Unfortunately there was no difference in the effects of inhaled methamphetamine across the vaccinated and control groups of rats. We originally interpreted this as potentially a difference in the rate of drug penetration into the brain which minimized the ability of the vaccine-generated antibodies to prevent locomotor effects.

Upon reviewer request we then examined the blood levels of methamphetamine after injection (0.25, 1.0 mg/kg, i.p.) and the inhalation condition in a different group of unvaccinated female rats. We found that methamphetamine was about ten times higher in the blood after inhalation versus injection in this new study. This of course explains why the vaccinated group was not protected, i.e., the dose under inhalation was far past the ability of the antibodies to sequester in the bloodstream.

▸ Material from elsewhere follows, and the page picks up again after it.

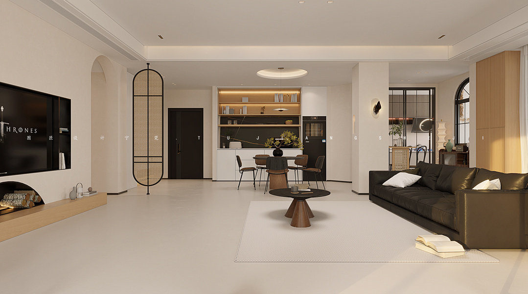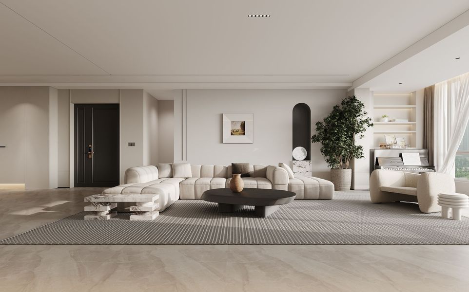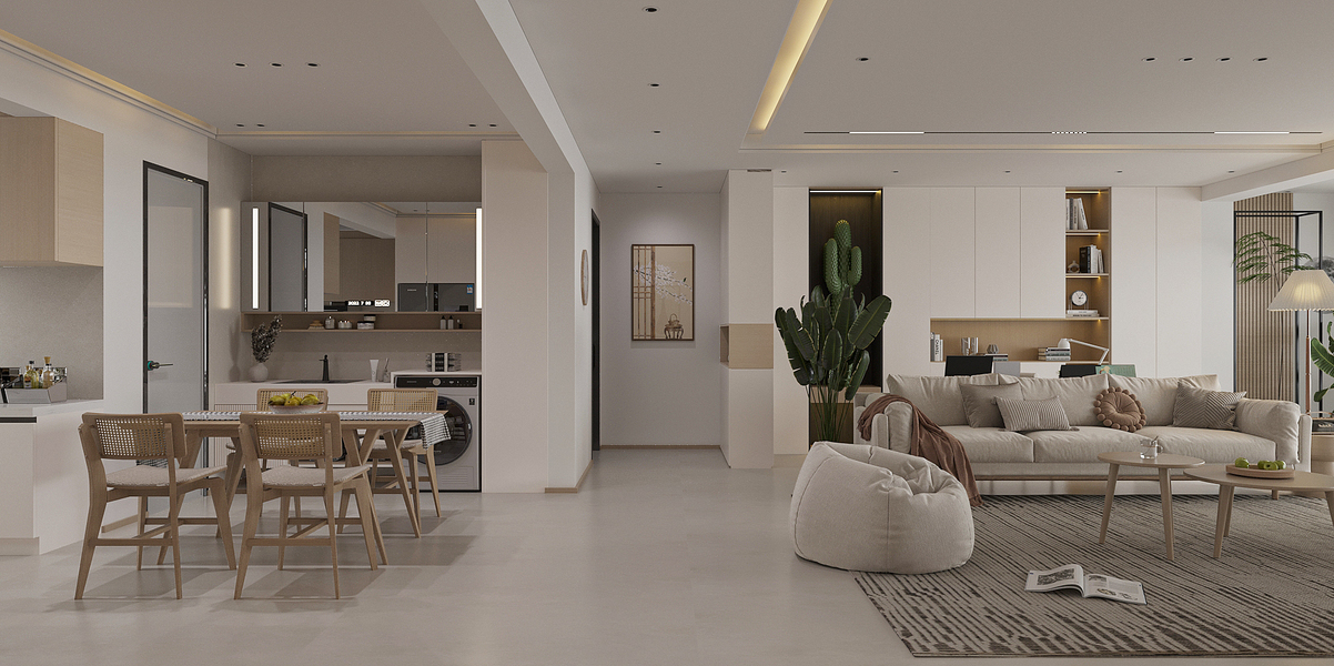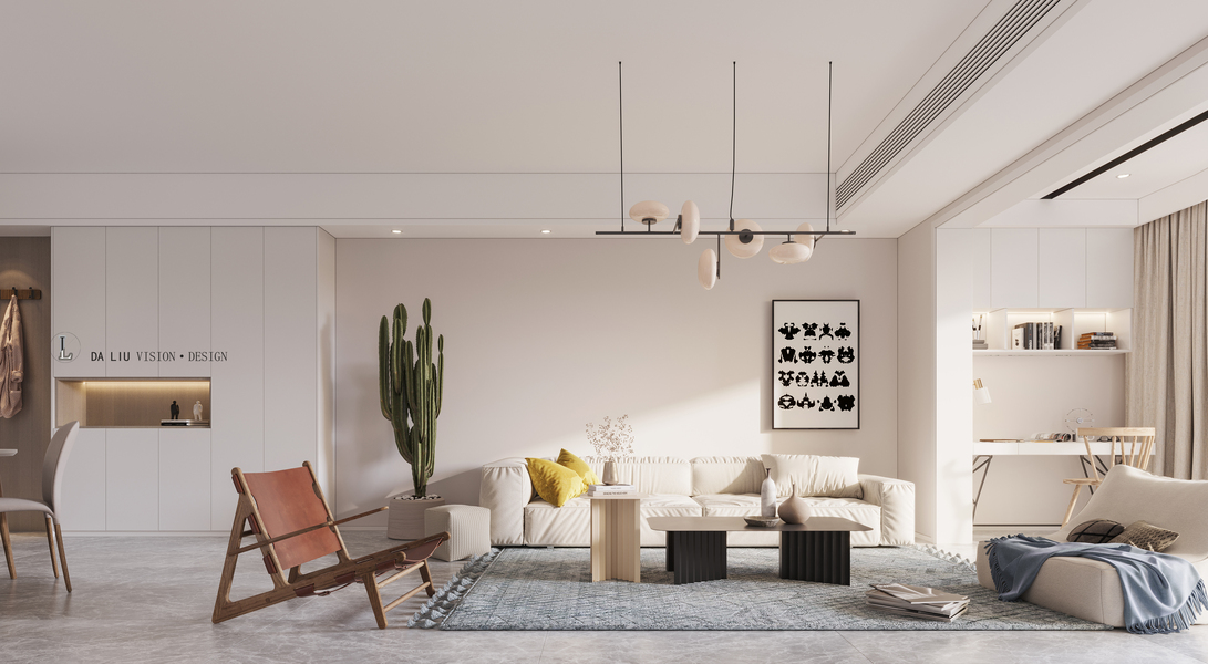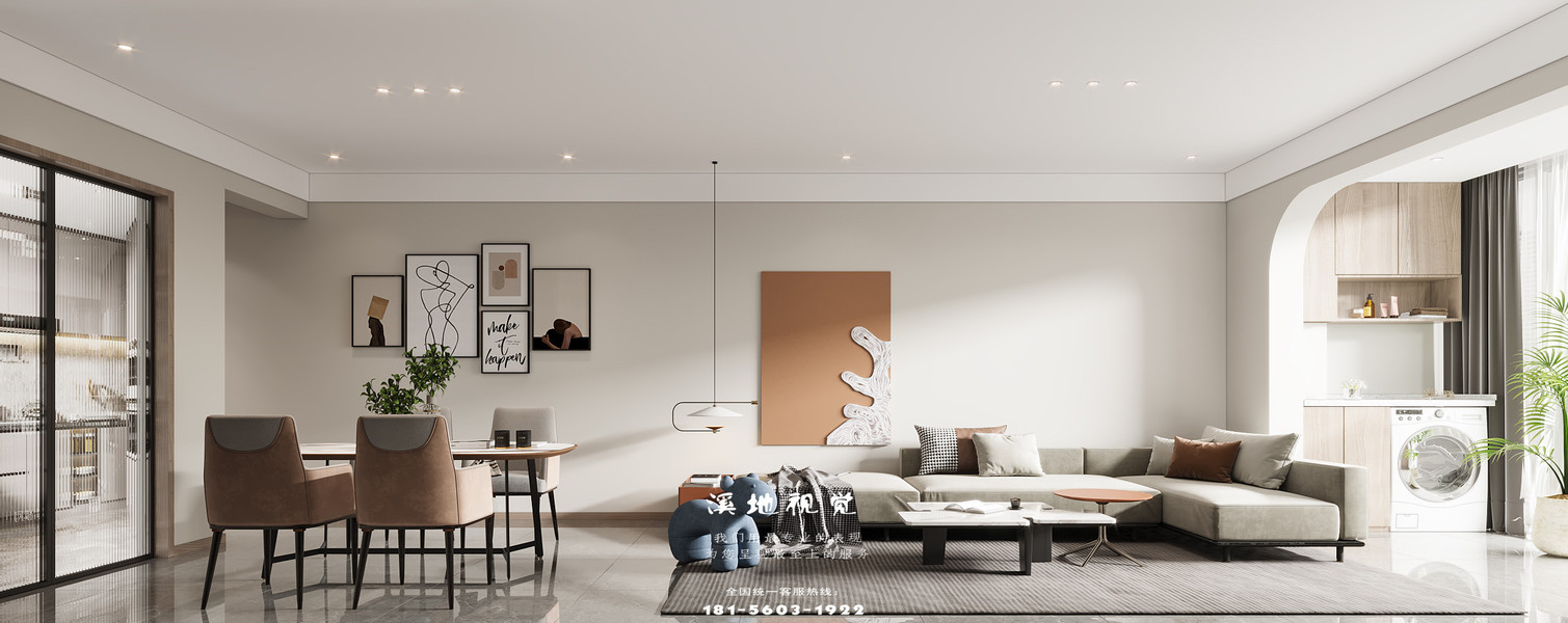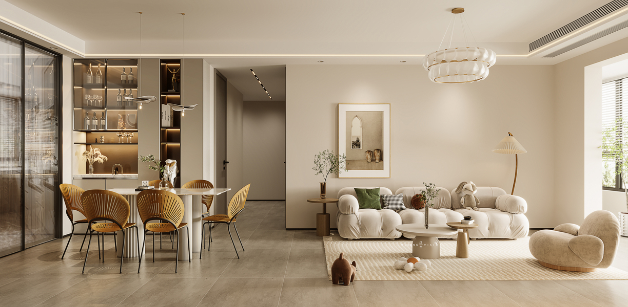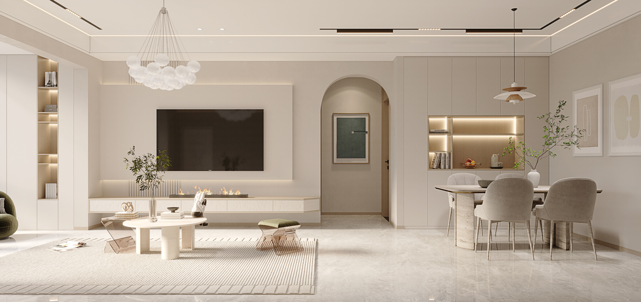 戊空效果图 一 现代极简风格 ,奶油色

The curious thing is still why a similar level of locomotor activity was produced at the 10-fold difference in methamphetamine levels. Very likely this is due to the rate at which drug is delivered to the animal- in our inhalation model this takes place over 30 minutes whereas an injection takes seconds. Obviously one of our next avenues of research is to better determine the way that drug levels increase in the blood during vapor inhalation.